Every now and then I like to take a look at some of the more popular shares on the local market to see which ones are being relatively heavily shorted. Hedge funds will borrow shares from a prime broker (usually on the asset servicing side of an investment bank) to short sell on the market in the expectation that they will be able to buy them back later at a cheaper price and pocket the difference as a profit.
So let's take a look at four companies with quite a lot of their outstanding shares borrowed and sold short. All stats accurate as at 24 May 2019 according to ASIC.
BWX Limited (ASX: BWX) has 12% of its shares shorted and the Sukin manufacturer has now issued two profit downgrades this financial year to leave shares at $1.63 today. I must admit I used to own shares myself but sold my entire holding over the middle of 2018 at average prices around $5.40. I'm inclined to agree with the short sellers on this business.
Harvey Norman Holdings Limited (ASX: HVN) has 9.3% of its shares shorted as a 'short thesis' over the business has been circulated in the business media and amongst professional investors recently. Gerry Harvey has publicly rubbished the short sellers' thinking though and the stock could be volatile in the 12 months ahead.

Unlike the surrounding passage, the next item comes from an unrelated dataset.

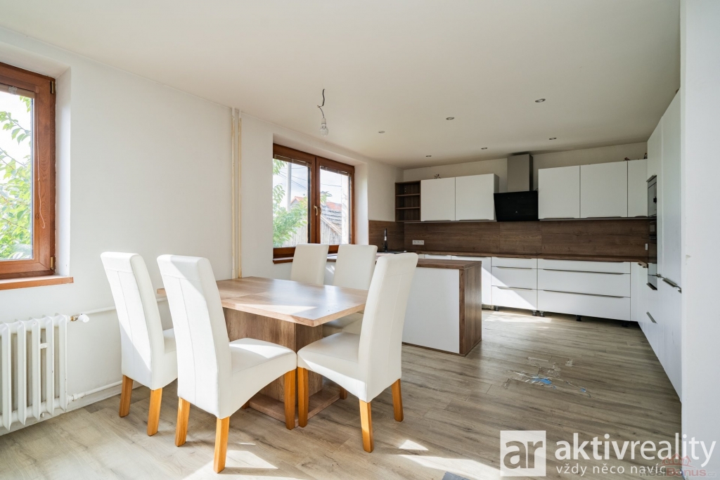 Prodej rodinného domu v klidné mělnické části Vehlovice. Nabízí velkorysý vnitřní prostor s dispozicí 4+kk, samostatnou garáž, a pořádně velikou zahradu, jakou u novostaveb jen tak nemáte. Stavba má za sebou už řadu nákladných investic a nyní hledá nové majitele, kteří vše dokončí. Podrobné informace o nabídce najdete na webu viz video. V přízemí se dnes bydlí. Otevřený obývací pokoj s kuchyní vznikl vybouráním příčky a tvoří přirozené centrum domu. Dále je zde samostatná ložnice, koupelna s vanou i sprchovým koutem, samostatné WC a prostorné zádveří. V 1. patře jsou dva velké pokoje, z jednoho je průchod do šatny. Třetí, menší místnost nyní slouží jako provizorní pracovna, ale může z ní být větší šatna nebo horní koupelna. Patro je rozpracované a čeká na dokončení dle projektu. Obytná plocha přízemí a patra má 138 m2. Sklep pod celou plochou domu přidává přes 62 m2 užitné plochy včetně techniky (zásobníky k tepelnému čerpadlu), místnosti pro pračku i sušičku, a velkého úložného prostoru. Mimo dům je navíc ještě zahradní sklep. Technika: kompletně nová elektroinstalace a rozvody, plastová okna s trojskly, vytápění tepelným čerpadlem (instalace před 4 lety) a krbem s vložkou, vyvložkovaný komín, rozvody tepla do patra, rozvody LAN. Zahrada je rozlehlá a soukromá, s travnatou plochou, zapuštěným bazénem s krytím, dřevěnými boudami a samostatnou velkou garáží. Vehlovice nabízejí klid, autobusovou linku, místní hospodu, dětské a fotbalové hřiště i workout zónu. Za kopcem začíná přírodní park Rymáň a navazuje CHKO Kokořínsko. Podrobné informace o nabídce najdete na webu viz video.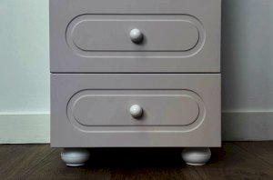 Корпус выполнен из ЛДСП толщиной 16 мм, фасад изготовлен из МДФ в плёнке ПВХ и декорирован фрезеровкой, характерной для серии Милана. Оригинальные круглые ручки и опоры завершают образ, подчёркивая аккуратный и современный дизайн мебели.

Inghams Group Ltd (ASX: ING) is the poultry farmer and retailer that has a whopping 17.5% of its scrip shorted. Over the last year the stock is around 8% higher to $4.28, but someone is taking a huge bet on it running into trouble. I must admit I have little idea why this may be.
IOOF Holdings Limited (ASX: IFL) is the financial services group that has 10% of its shares shorted. It's easy to see why given its recent record of regulatory problems that have resulted in the superannuation sector regulator APRA imposing conditions on its AFSL, among other things. It's also still trying to get a giant deal to buy Australia & New Zealand Banking Group's (ASX: ANZ) OnePath wealth business over the line.